34 As to the second matter, the primary judge made an allowance of 25% in favour of Mr Bjornsson. It was argued that proper allowance was 50% given the nature of the arrangements made between Mr Bjornsson and Mr Staples in 2002. I accept that there may be force in this argument but I would not go so far as to characterise this ground of appeal as strong.
35 In the circumstances, while I am willing to proceed on the basis that Mr Bjornsson's appeal is brought in good faith and is reasonably arguable, I am not satisfied that any of the grounds of appeal have been shown to be particularly strong.
36 As to delay, the pertinent facts may be summarised as follows. Mr Bjornsson's appeal was filed on 29 May 2012. SWR's solicitor wrote to Mr Bjornsson's solicitor on 12 June 2012 raising the matter of security. He promptly responded that his client would not agree to provide security. The question of security was not raised again until 17 July 2012 which was the day before the scheduled call-over. On that date SWR's solicitors wrote to Mr Bjornsson's solicitors in terms that simply ignored the fact that Mr Bjornsson's solicitor had made Mr Bjornsson's position in relation to security clear the previous month. The interlocutory application seeking security for costs was not filed until 23 August 2012.
37 Between June 2012 and August 2012 SWR incurred legal costs of approximately $12,000 which are included in the security for costs sought by SWR.
38 In my view the delay in bringing the application for security is significant.

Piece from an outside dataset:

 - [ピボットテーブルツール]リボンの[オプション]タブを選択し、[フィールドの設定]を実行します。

Although I do not think that it should result in SWR's application being rejected, I propose to take it into account when determining the amount of security that should be ordered.

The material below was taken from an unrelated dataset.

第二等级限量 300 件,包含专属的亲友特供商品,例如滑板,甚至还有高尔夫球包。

39 None of the other factors relevant to the question of security for costs seem to be particularly relevant here. I note that it was suggested by Mr Bjornsson that there is a public interest dimension to his appeal in that the primary judge made findings of fraud against him. While I accept that this may be a matter of significance to Mr Bjornsson, I do not think it follows his appeal has any public interest dimension to it.
40 In the result, I have come to the conclusion that there should be an order requiring Mr Bjornsson to provide security for costs.